[Data excerpts]
####

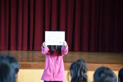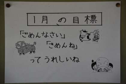 1月の生活目標が児童会から発表されました。目標は「『ごめんなさい,ごめんね』ってうれしいね」です。1月の目標ですが,卒業までこの気持ちを大切にしたいと話し合いました。
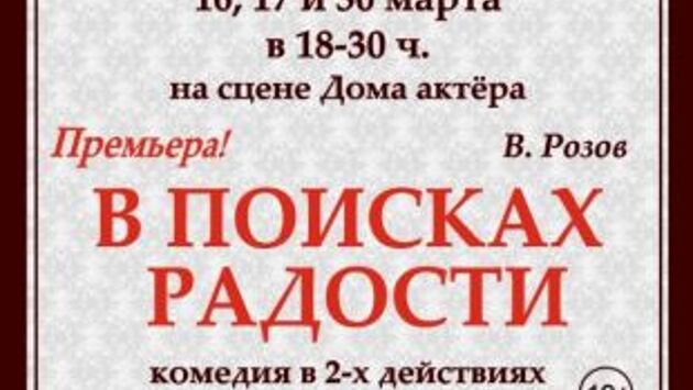 Премьера постановки «В поисках радости» театра «Галёрка» состоится на сцене Дома актера имени Ножери Чонишвили 16 и 17 марта в 18.30, сообщает пресс-служба театра. Спектакль поставлен по пьесе Виктора Розова режиссёром-постановщиком Владимиром Витько, заслуженным деятелем искусства РФ. Художник–сценограф новой постановки – Александра Хохлова, дебютировавшая в этом сезоне в новогоднем спектакле «Щелкунчик». Комедия великого драматурга, насыщенная знаменитым юмором автора, рассказывает о том, что в жизни главная радость - та, которой можно поделиться с другими. За ней не нужно стоять в очереди в магазине, она находится в другом месте - в сиянии глаз любимой девушки, в настоящей мужской дружбе, в семейном уюте. Роль Клавдии Васильевны Савиной исполнит Светлана Романова, Фёдор - Артём Савинов, Татьяны - Екатерина Латыпова, Николая - Сергей Климов, Олега - Егор Витько и Виталий Маркс. Также в спектакле заняты Даниэль Савинова, Владимир Приезжев, Дмитрий Цепкин, Татьяна Майорова Ксения Шабельникова, Александр Андрианов, Павел Кондрашин, Татьяна Васюхина и Анастасия Смычек. 12+
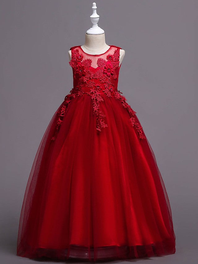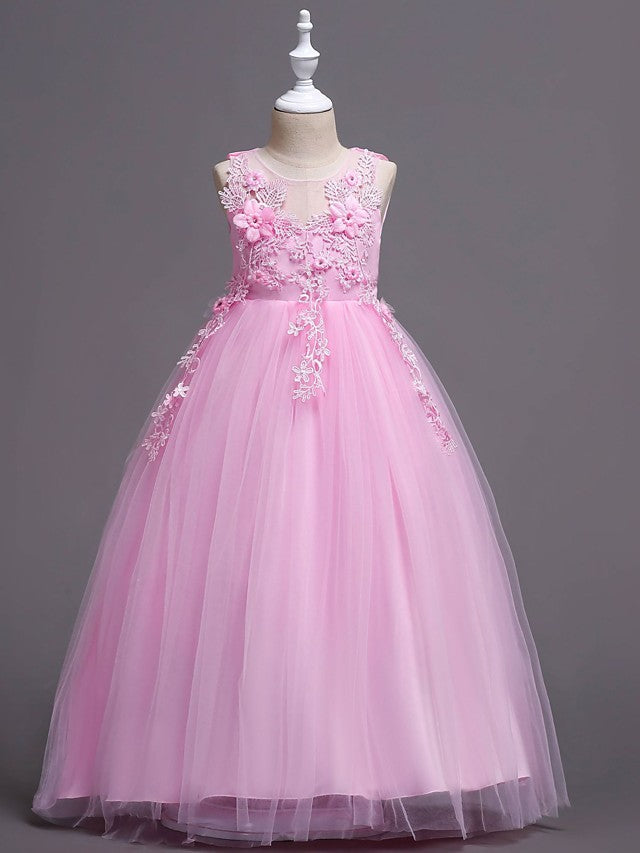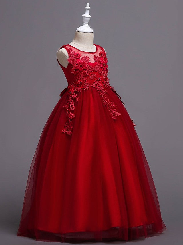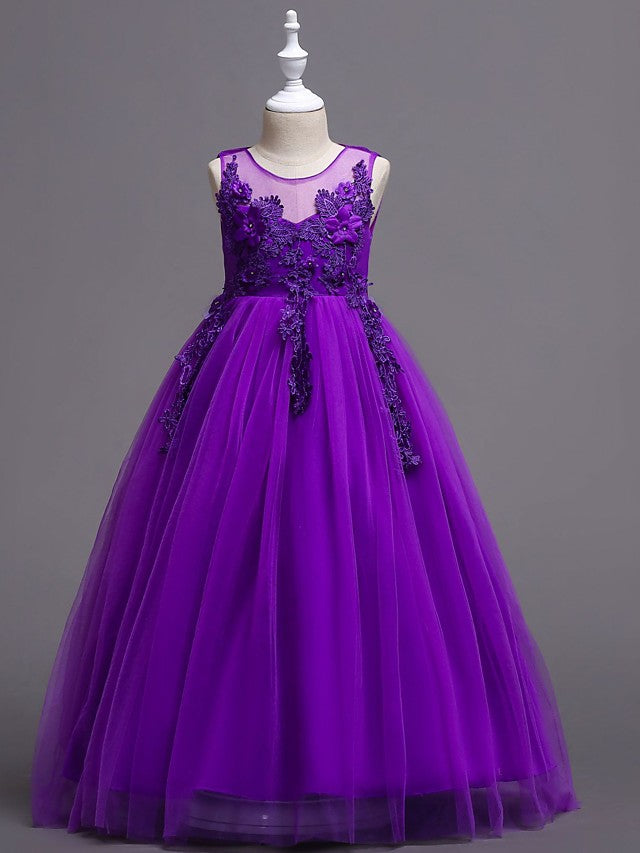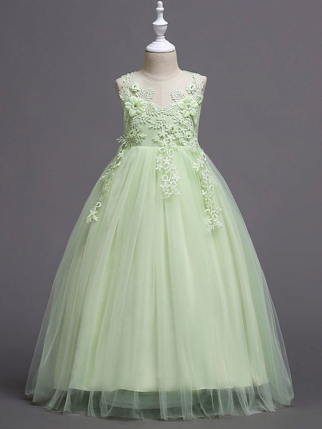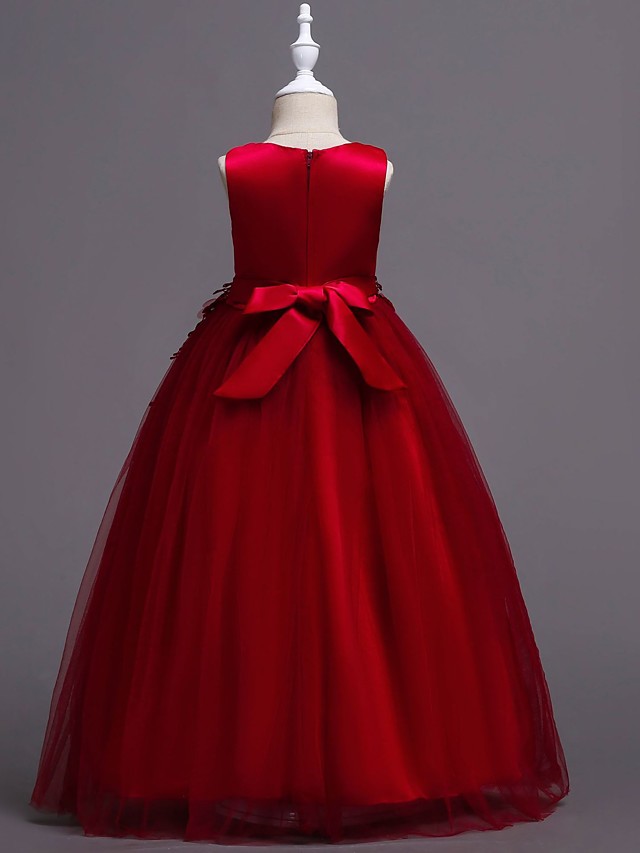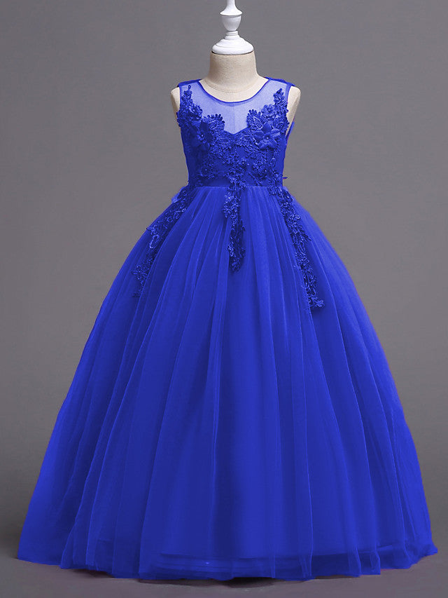 Long Princess Satin Tulle Jewel Neck Wedding First Communion Flower Girl Dresses
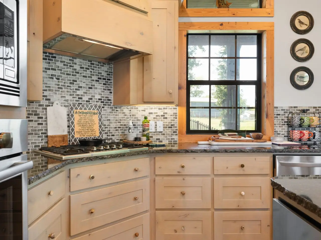 • Stone and wood accents
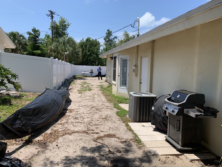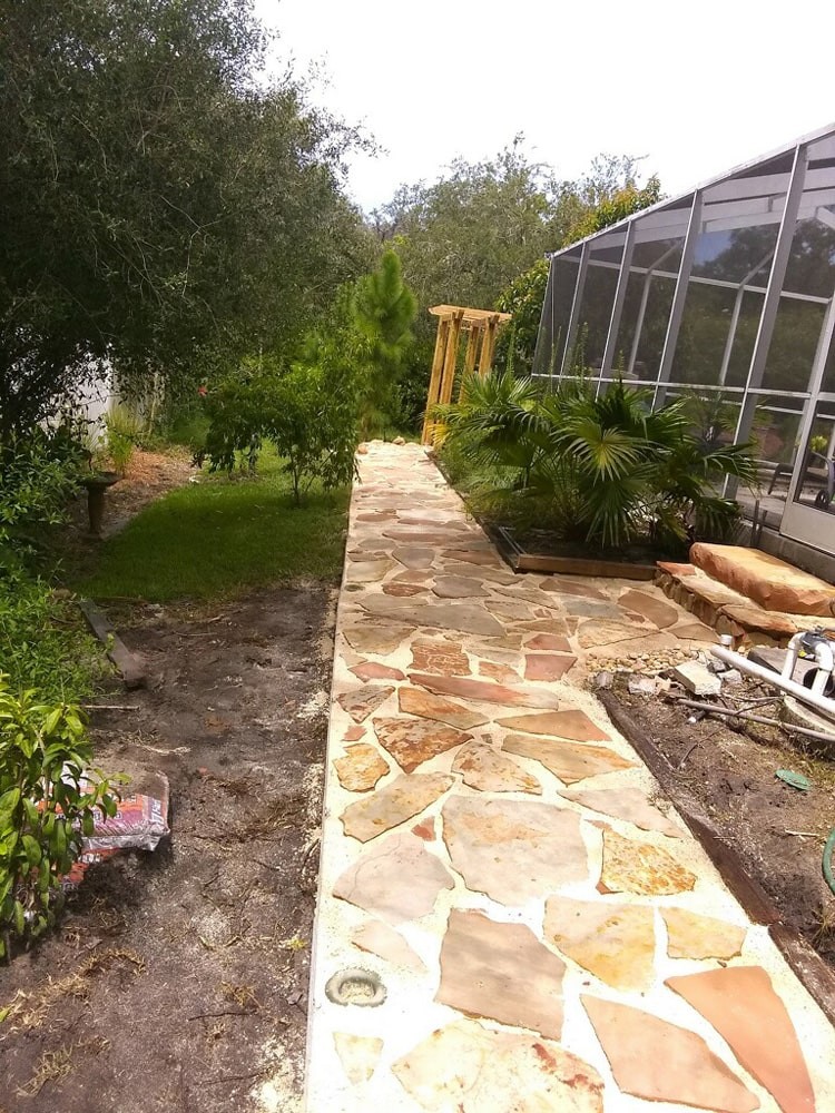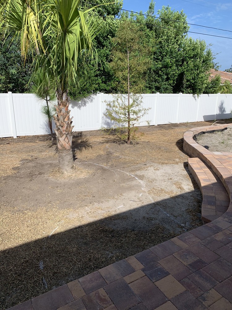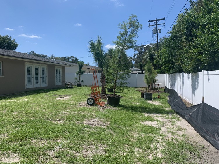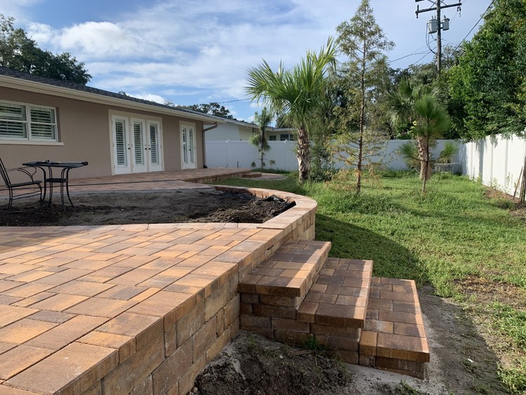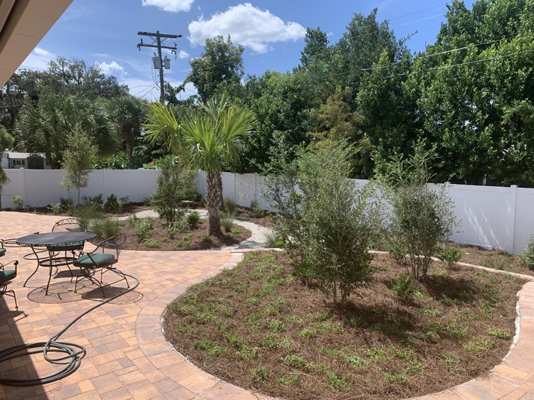 Project description: This project is located in the Largo Bluffs area; what a transformation from a filled in pool to a terraced outdoor living area surrounded by native plants. We were challenged to create patio expanse on a slope that did not feel too large and overwhelming, but could accommodate ten or more people comfortably. This was to then be surrounded by plants native to Florida.

####

Return all the data exactly, and keep the pictures out.

 1月の生活目標が児童会から発表されました。目標は「『ごめんなさい,ごめんね』ってうれしいね」です。1月の目標ですが,卒業までこの気持ちを大切にしたいと話し合いました。
 Премьера постановки «В поисках радости» театра «Галёрка» состоится на сцене Дома актера имени Ножери Чонишвили 16 и 17 марта в 18.30, сообщает пресс-служба театра. Спектакль поставлен по пьесе Виктора Розова режиссёром-постановщиком Владимиром Витько, заслуженным деятелем искусства РФ. Художник–сценограф новой постановки – Александра Хохлова, дебютировавшая в этом сезоне в новогоднем спектакле «Щелкунчик». Комедия великого драматурга, насыщенная знаменитым юмором автора, рассказывает о том, что в жизни главная радость - та, которой можно поделиться с другими. За ней не нужно стоять в очереди в магазине, она находится в другом месте - в сиянии глаз любимой девушки, в настоящей мужской дружбе, в семейном уюте. Роль Клавдии Васильевны Савиной исполнит Светлана Романова, Фёдор - Артём Савинов, Татьяны - Екатерина Латыпова, Николая - Сергей Климов, Олега - Егор Витько и Виталий Маркс. Также в спектакле заняты Даниэль Савинова, Владимир Приезжев, Дмитрий Цепкин, Татьяна Майорова Ксения Шабельникова, Александр Андрианов, Павел Кондрашин, Татьяна Васюхина и Анастасия Смычек. 12+
 Long Princess Satin Tulle Jewel Neck Wedding First Communion Flower Girl Dresses
 • Stone and wood accents
 Project description: This project is located in the Largo Bluffs area; what a transformation from a filled in pool to a terraced outdoor living area surrounded by native plants. We were challenged to create patio expanse on a slope that did not feel too large and overwhelming, but could accommodate ten or more people comfortably. This was to then be surrounded by plants native to Florida.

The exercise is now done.